O soldado israelense Gilad Shalit
Gilad Shalit foi capturado por militantes palestinos em 2006
Noam Shalit, pai do soldado israelense Gilad Shalit, capturado por militantes palestinos há quase dois anos, acusou nesta quarta-feira o primeiro-ministro de Israel, Ehud Olmert, de não ser capaz de tomar uma decisão para soltar seu filho.

Shalit declarou que Olmert continua hesitando e adiando as decisões e alertou para o risco que seu filho está correndo no cativeiro na Faixa de Gaza.

Noam Shalit, que era uma pessoa anônima até o dia 25 de junho de 2006, quando seu filho Gilad foi capturado por militantes do Hamas, tornou-se uma figura pública, e suas declarações são citadas pela mídia israelense.

Nesta quarta-feira, Shalit fez um discurso em um evento de solidariedade com os soldados israelenses capturados, na Universidade de Bar Ilan, e criticou duramente o primeiro-ministro israelense.

“Olmert continua hesitando, evita tomar decisões, diferentemente de seus antecessores, Sharon e Netaniahu, que souberam tomar decisões dificeis”, disse Shalit, referindo-se a antecedentes nos quais os ex-primeiros-ministros Ariel Sharon e Biniamin Netaniahu decidiram libertar prisioneiros em troca de israelenses capturados por grupos militantes.
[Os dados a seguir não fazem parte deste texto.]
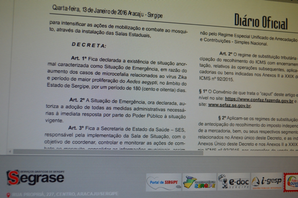 Foi publicado na edição desta quarta-feira, 13 no Diário Oficial, o Decreto 30.150, declarando a existência de situação anormal, caracterizada como Situação de Emergência, em razão do aumento dos casos de microcefalia, relacionados ao vírus Zika, por um período de 180 dias. Em Sergipe, já são 156 casos da doença que afeta bebês, a maioria de mães que foram infectadas pelo Zika Vírus.
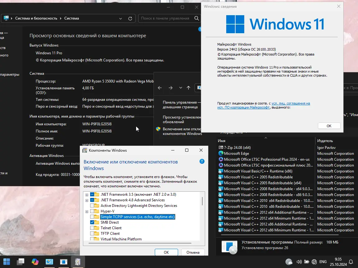 Это комплект из 5 редакций Windows 11 (русские и английские) с обновлениями по октябрь 2024, включающий как стандартные версии, так и с встроенным MS Office LTSC 2024 Pro Plus. Образы основаны на оригинальном русском дистрибутиве и дополнены системными библиотеками, что обеспечивает стабильную работу и расширенные возможности. В сборке присутствуют обновления, интеграции и исправления, а также подготовленные к работе с актуальными технологиями, поддержкой UEFI/GPT и отключенными требованиями TPM 2.0.
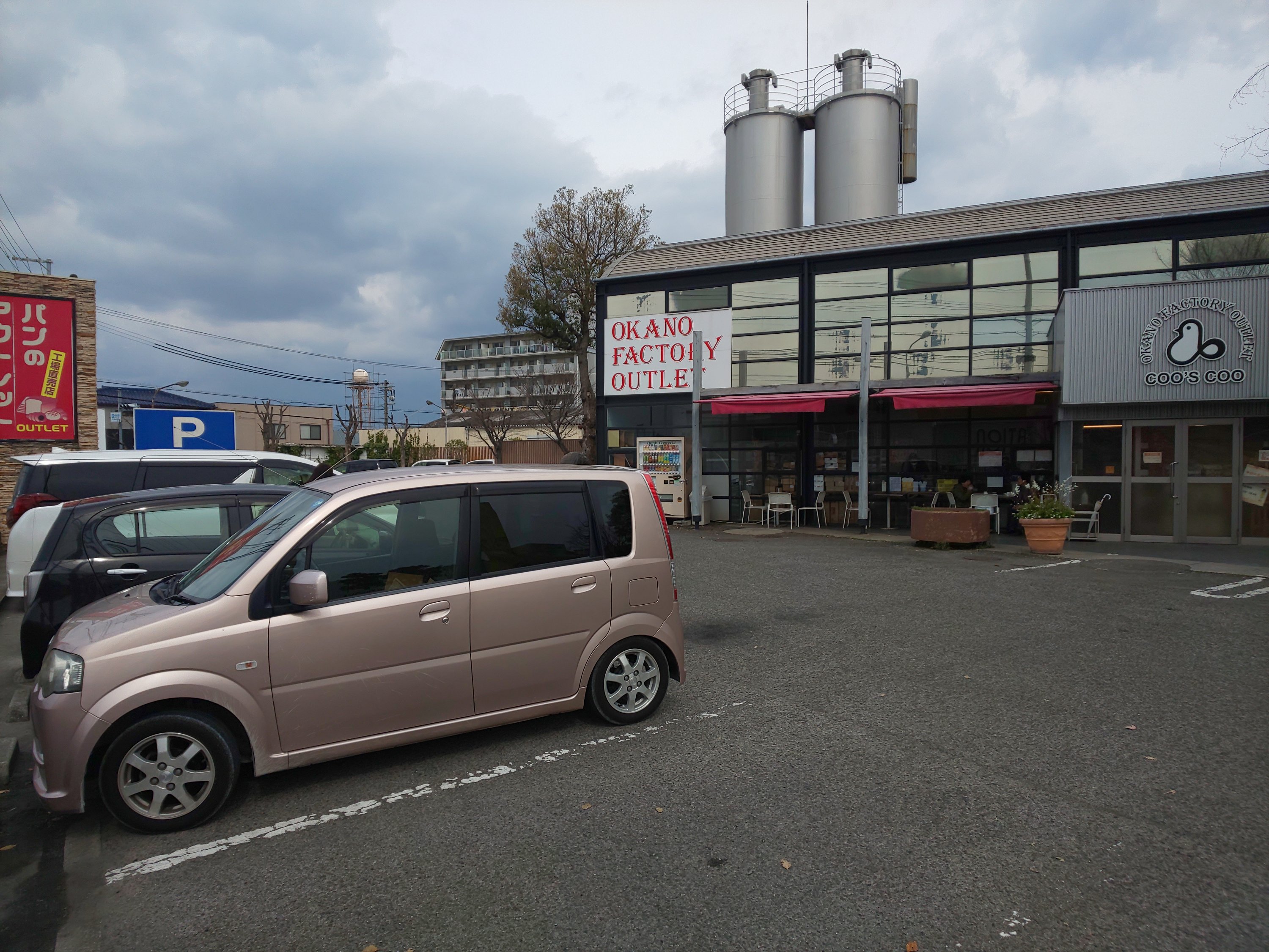 おにぎり1つだけではお腹が空いてきてまたおにぎりでも買おうかなぁと思ってたときに、パンのアウトレットという看板を見つけた。『オカノファクトリーアウトレット』というお店らしい。朝なのに車の往来も沢山あり、安そうなので朝御飯を探しに入ることに。

“Será que Gilad é o único que tem que pagar o preço pelas falhas do exército?”, perguntou Shalit, dirigindo-se ao premiê israelense.

Resultados

Shalit cobrou resultados de Olmert, que já declarou várias vezes que “trabalha dia e noite para libertar os soldados capturados”.

“Tenho as fotos de Gilad Shalit, Ehud Goldwasser e Eldad Regev em cima da minha mesa de trabalho, nunca esqueço deles e faço todos os esforços para libertá-los”, declarou Olmert.
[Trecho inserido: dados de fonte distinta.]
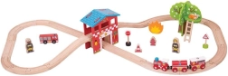 Ez a tűzoltóállomás témájú fa vonatpálya bármely szobát mentőközponttá varázsol. A gyerekek áthaladhatnak a tűzoltószertár alagútján, versenyezhetnek a tűzoltóautóval, útnak indíthatják a mentővonatot levehető vagonokkal, és segíthetnek a tűzoltóknak létrával vagy tűzcsappal. A színes részleteknek és a masszív kivitelnek köszönhetően a játék kiválóan fejleszti a képzelőerőt és helyzetmegoldásra tanít.
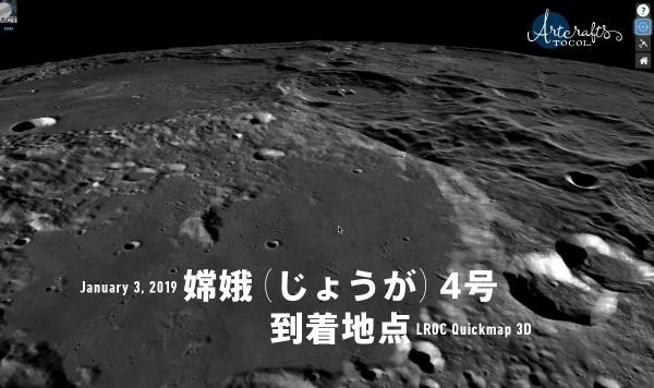TOCOLは、世界で初めて月の裏側に軟着陸した中国の無人探査機「嫦娥(じょうが)4号」の着陸地点「フォン・カルマン・クレーター」周辺のLROC Quickmap(月面3Dマップ)動画を公開した。(1月5日)

Mas o pai do soldado Shalit afirmou que “só pode julgar os esforços pelo resultado e o resultado é zero porcento de sucesso”.

As famílias dos soldados Goldwasser e Regev, capturados pelo grupo xiita libanês Hezbollah no dia 12 de julho de 2006, também criticaram a atitude do governo e exigem a libertação de seus filhos.

No entanto, as críticas feitas nesta quarta-feira por Noam Shalit são consideradas as mais incisivas até agora.

Shalit também alertou para o risco de vida que seu filho corre na Faixa de Gaza.

“A situação em Gaza é extremamente explosiva”, disse, “a qualquer momento alguém pode perder o controle e então todos nós nos arrependeremos por não termos agido a tempo”.

Sigilo

O governo israelense mantém sigilo sobre as negociações para a libertação dos soldados capturados.

De acordo com a mídia de Israel, as negociações com o Hamas para a libertação de Gilad Shalit estão sendo feitas por intermédio do Egito.

O Hamas exige a libertação de centenas de prisioneiros palestinos em troca de Shalit, e até agora o governo israelense teria rejeitado as listas de prisioneiros apresentadas pelo Hamas.

No caso dos soldados israelenses capturados pelo Hezbollah, o principal intermediador é o governo alemão.

Até hoje as famílias dos soldados Goldwasser e Regev não receberam prova alguma de que eles estejam vivos.

Já a família de Shalit recebeu pelo menos uma carta do filho.